AlienRobot · 2024-07-16T01:55:59 1721094959

Wiby is another.

sakisv · 2024-07-15T22:29:41 1721082581

I know that Google has extremely talented people tackling these kind of things, and with vastly more experience than I, but I can't help to think that the problem is that we as users have extremely diverse needs and use cases, which is impossible to satisfy them all.

It's even more impossible to satisfy them in a way that's also useful for Google's own business model.

The most obvious and potentially naive way of doing that would be to allow end users to upvote or downvote search results. I know that Google already does that in an automated way to some extend, but the problem is that that signal is then used to determine the quality across all the users which, as I mentioned in the beginning, is impossible to get right.

Instead that metric should only affect each user's own search results and not everyone else's. This could improve the quality of the results, bring more people back, and eventually increase the revenue. It would also help prevent "gaming" the system.

What am I missing here? I can't believe that they're not aware of that. I also can't believe that they don't want to fix it or that they're so focused on ai that internal politics don't allow them to do anything else. So what gives?

lofaszvanitt · 2024-07-15T22:12:18 1721081538

I recently launched a site that sports a lot of images. Well it's an image site. You go there to view images on specific topics. The google search console always complains that there is very few text on the page and it only indexed 1/6th of the image pages (it doesn't even fetch the images itself... who knows whether it's a good or bad sign ;|). Go figure, this is an image site.

Should I start to write text next to each image, like:

"Mech approaches another dark, very evil looking mech on a bright day and swings its laser sword to decapitate the evil one."

Gimme a break. For 5K+ images... :D. The topic, title and description is not enough, it needs more text to believe that this is what the images are about. No, your images will not be indexed, will not be included in the image search results, because you are not part of the exclusive club. No monopoly here.

Bing webmaster tools tells me that there are no highly ranked sites that link to my content, and there should be :D. I just started the site, how would there be any linkage to it?! Are they insinuating that I should create fake sites to promote my content or maybe pay for seo? No monopoly here either.

Yandex... I can't really figure out whether their indexing works or not, it sometimes complains, then doesn't do anything for weeks. Then it comes up with another made up problem that is nonexistent. It acts like a drunkard.

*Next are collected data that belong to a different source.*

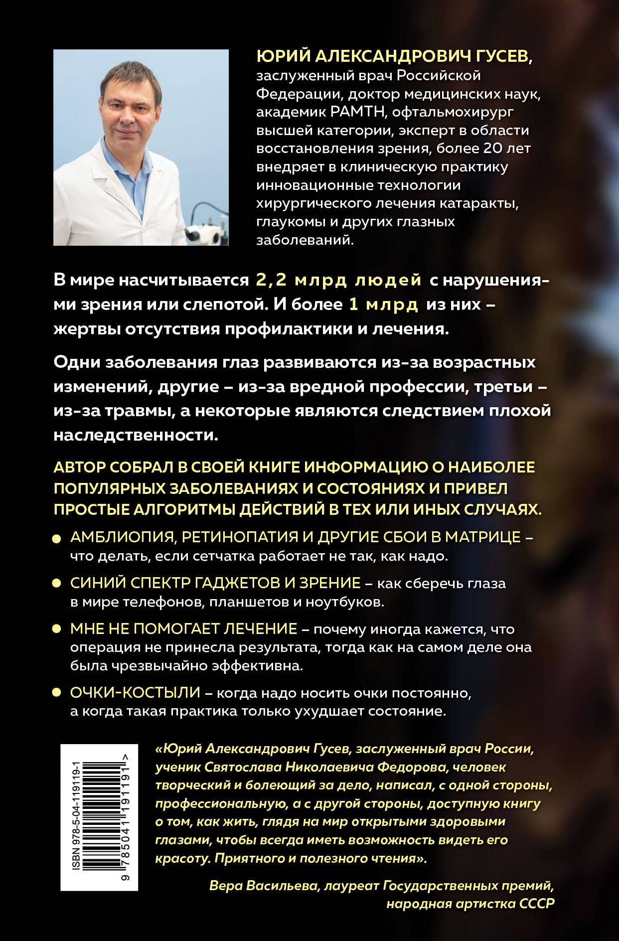 О самом дорогом говорят: «Береги, как зеницу ока!». Болезни глаза в большинстве случаев не влияют напрямую на продолжительность жизни, но очень сильно влияют на ее качество. В мире сейчас около 2,2 миллиардов людей с нарушением зрения или слепотой. Более миллиарда из них - это жертвы отсутствия профилактики и лечения! То есть, каждый четвертый житель планеты не видит или видит плохо, просто потому, что вовремя не пришел к врачу! Книга известного отечественного офтальмолога доктора Гусева поможет вам оценить состояние своего зрения и принять своевременные меры для его сохранения или восстановления в любом возрасте.| Издательство | ООО "Издательство "Эксмо" |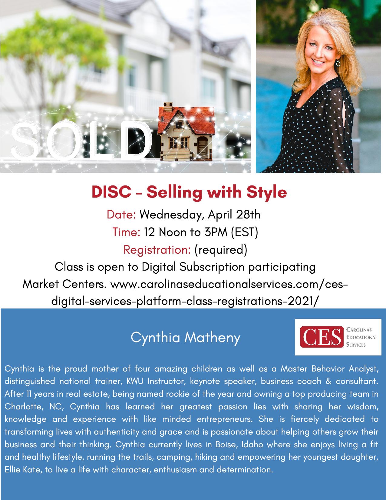 Coming this week – “DISC – Selling with Style” with Cynthia Matheny! Cynthia will be on the CES Digital Platform – Wednesday, April 28th from 12 Noon to 3PM. Check with your MC for registration details or register thru our website; https://carolinaseducationalservices.com/ces-digital…/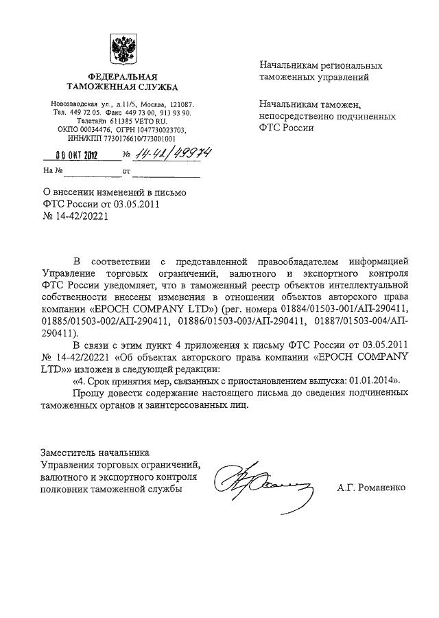 ПИСЬМО ФТС РФ от 08.10.2012 N 14-42/49974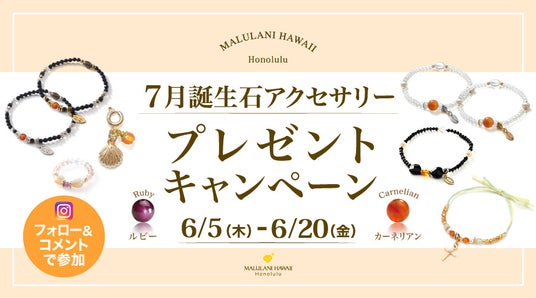 ハワイ発祥の天然石アクセサリーブランド「マルラニハワイ」にて、7月の誕生石「カーネリアン」を使用したパワーストーンアクセサリーをプレゼントする特別キャンペーンを開催いたします。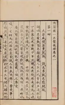 The scholars Chun-shu Chang and Shelley Hsueh-lun Chang discuss the problems of authorship.[3] They point out that the attribution to Li did not come until 1715, 35 years after Li's death, and was offered with no evidence, and no new evidence was added in the following years of the Qing dynasty. They further point out that in modern times Lu Xun suggested that the novel had a spirit and style akin to Li's, but he did not elaborate. The Changs acknowledge Patrick Hanan's conclusion that "so distinctive is his brand of fiction that although the novel has never actually been proved to be by Li Yu, one has only to read it alongside his stories to feel the truth of the attribution." However, they themselves argue that "we cannot conclude that Li Yu was the author of Prayer Mat of Flesh.[4] Andre Levy in the Indiana Companion to Traditional Chinese Literature says that the author is "probably" Li Yu.[5] The literary historians Wilt Idema and Lloyd Haft simply say Li is "often considered" to be the author.[6]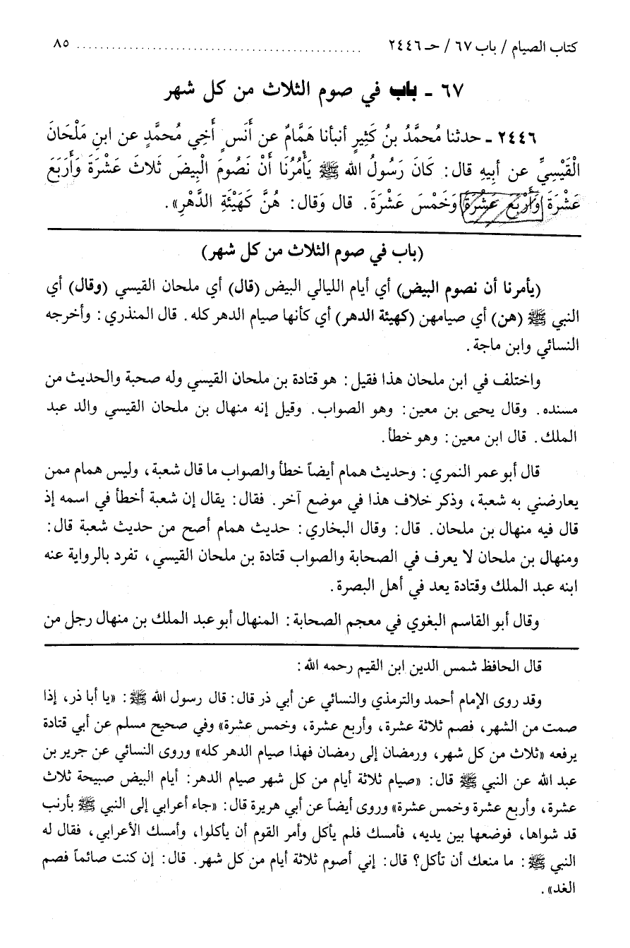 ــــــــــــQقال الحافظ شمس الدين بن القيم رحمه اللَّه وَقَدْ رَوَى الْإِمَام أَحْمَد وَالتِّرْمِذِيُّ وَالنَّسَائِيّ عن أبي ذر قال قال رسول الله صَلَّى اللَّه عَلَيْهِ وَسَلَّمَ يَا أَبَا ذَرّ إِذَا صُمْت مِنْ الشَّهْر فَصُمْ ثَلَاثَة عَشْرَة وَأَرْبَع عَشْرَة وَخَمْس عَشْرَة وَفِي صَحِيحِ مُسْلِم عَنْ أَبِي قَتَادَة يَرْفَعُهُ ثَلَاث مِنْ كُلّ شَهْر وَرَمَضَان إِلَى رَمَضَان فَهَذَا صِيَام الدَّهْر كُلّه وَرَوَى النَّسَائِيّ عَنْ جَرِير بْن عَبْد اللَّه عَنْ النَّبِيّ صَلَّى اللَّه عَلَيْهِ وَسَلَّمَ قَالَ صِيَام ثَلَاثَة أَيَّام مِنْ كُلّ شَهْر صِيَام الدَّهْر أَيَّام الْبِيض صَبِيحَة ثَلَاث عَشْرَة وَأَرْبَع عَشْرَة وَخَمْس عَشْرَة وَرَوَى أَيْضًا عَنْ أَبِي هُرَيْرَة قَالَ جَاءَ أَعْرَابِيٌّ إِلَى النَّبِيّ صَلَّى اللَّه عَلَيْهِ وَسَلَّمَ بِأَرْنَبٍ قَدْ شَوَاهَا فَوَضَعَهَا بَيْن يَدَيْهِ فَأَمْسَكَ فَلَمْ يَأْكُل وَأَمَرَ الْقَوْم أَنْ يَأْكُلُوا وَأَمْسَكَ الْأَعْرَابِيُّ فَقَالَ لَهُ النَّبِيُّ صَلَّى اللَّه عَلَيْهِ وَسَلَّمَ مَا مَنَعَك أَنْ تَأْكُل قَالَ إِنِّي أَصُوم ثَلَاثَةَ أَيَّام مِنْ كُلّ شَهْر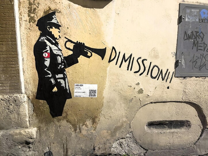 I cronisti bramano qualcuno che superi un po’ la retorica polemica. E finalmente arriva. Si chiama Angelo Nazio , classe 1925, già gappista. E’ in forma smagliante. “Guardate io non sono un estremista – dice – so che allora ognuno aveva le sue ragioni, il mio migliore amico nel 44’ si arruolò e finì repubblichino, io invece divenni partigiano, fu più il caso che altro a dividerci. E però dire che un battaglione di nazisti è una banda di musicisti è veramente spudorato, soprattutto se lo fai da seconda carica dello Stato, vieni al bar piuttosto”. La spudoratezza di La Russa poco più in là l’ha riassunta bene la street artist Laika. Un soldato nazista ha un grande megafono nella mano sinistra da quale esce la scritta DIMISSIONI. Sulla fascia che avvolge il braccio destro al posto della svastica ecco una bella chiave di violino.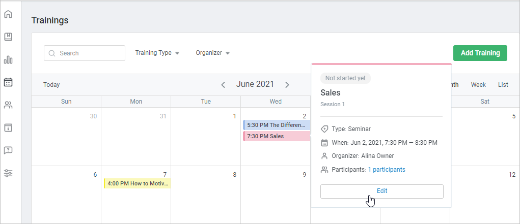 - In the calendar, choose the necessary training and click the Edit button in the opened window.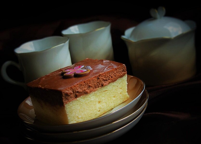 какао - 3 ст. л. Яйца смешиваем с сахаром и взбиваем до светлого воздушного крема. Добавляем ванилин, манку, цедру и творог. Его предварительно нужно протереть через сито. Тщательно вымешиваем все ингредиенты, но уже не взбиваем. Форму для выпечки застилаем пергаментом и выливаем в нее творожную массу. Запекаем при 170 градусах 25 минут, чтобы творог схватился. В это время делаем сметанную часть. Для этого смешиваем сметану, сахарную пудру и какао. Немного взбиваем и выливаем на творожны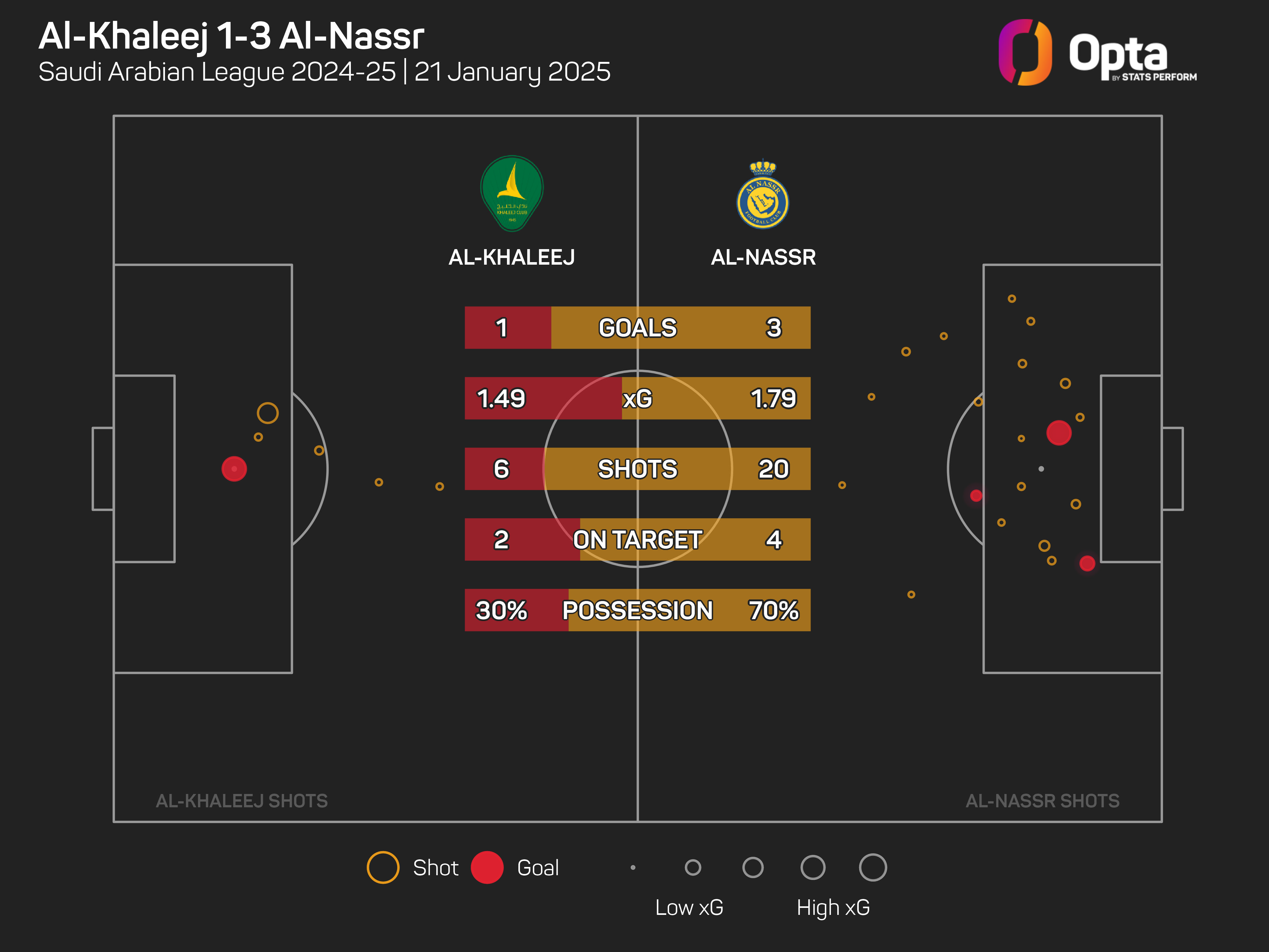 Namun, Al-Nassr bergelut untuk memecahkan kebuntuan perlawanan sebelum sepakan voli Ronaldo terhasil pada minit ke-65, namun Kostas Fortounis pantas menyamakan kedudukan menerusi sepakan penalti berikutan bola terkena tangan Ali Lajami pula.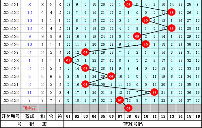 南华天第2025134期双色球区间号码个数统计分析:(红球:01-11为一区,12-22为二区,23-33为三区;蓝球:01-04为一区,05-08为二区,09-12为三区,13-16为四区)
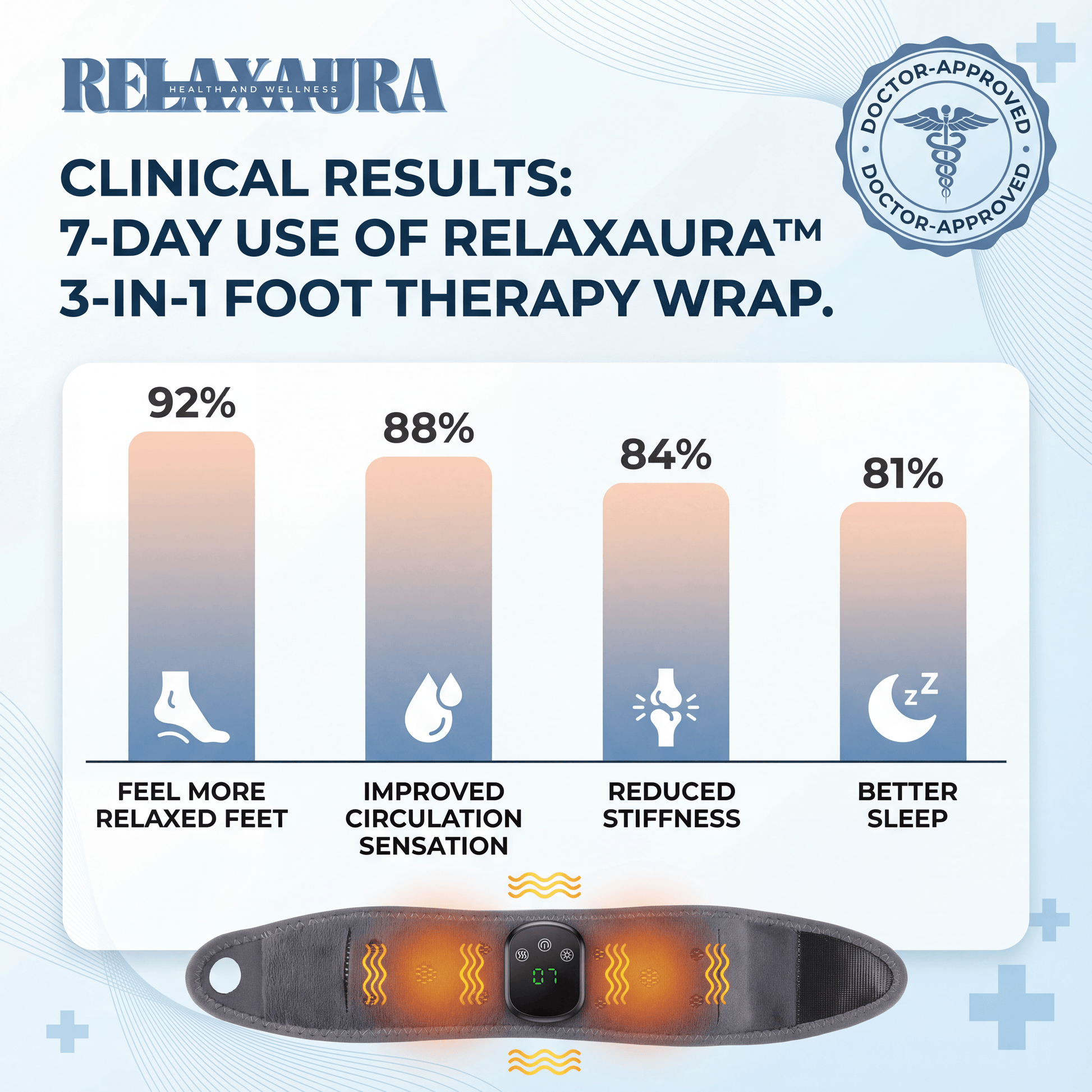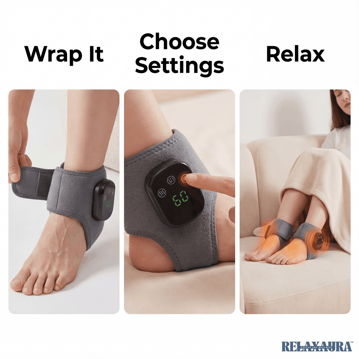 The RELAXAURA™ Foot Therapy Wrap uses 3-in-1 therapy: gentle heat, compression support, and therapeutic massage. These work together to boost blood flow, soothe tired muscles, and relieve foot pain — all in a natural, non-invasive way.

I haven't tried Baidu, because they need some local phone number and they clearly can't send activation SMS to Europe.

Next I'll try with a news site and write a blog post about my experiences. Truly interesting times.

jsnell · 2024-07-16T05:04:20 1721106260

So, I'm kind of confused about what you expect to happen.

You've got a pile of images with no descriptive text. What kind of query do you think would make a search engine include one of those pages in the result pages? They need something to work with.

At most it sounds like it could be people using your site name in the query. But that only happens when you have users, you can't bootstrap your popularity like that.

And if there is no set of reasonable queries where your pages are likely results, what is the point of of indexing them?

iggldiggl · 2024-07-18T12:41:27 1721306487

> You've got a pile of images with no descriptive text. What kind of query do you think would make a search engine include one of those pages in the result pages? They need something to work with.

Although Google these days definitely runs image recognition and OCR while indexing images for its image search.

lofaszvanitt · 2024-07-16T11:32:28 1721129548

There is title, descriptions, tags... If you flow it around with generated text, because that's what people are doing to game the system, it will be more reliable or what did you miss? :D

kstrauser · 2024-07-15T21:06:09 1721077569

> Google has transformed from a comprehensive search engine into something more akin to an exclusive catalog.

That's the only plausible long-term path to keep its search results competitive and relevant.

> For content creators, it presents a significant challenge: how do you gain visibility if Google refuses to index most of your content?

Don't publish junk that it doesn't find interesting under the assumption that it "owes" you a front page search result.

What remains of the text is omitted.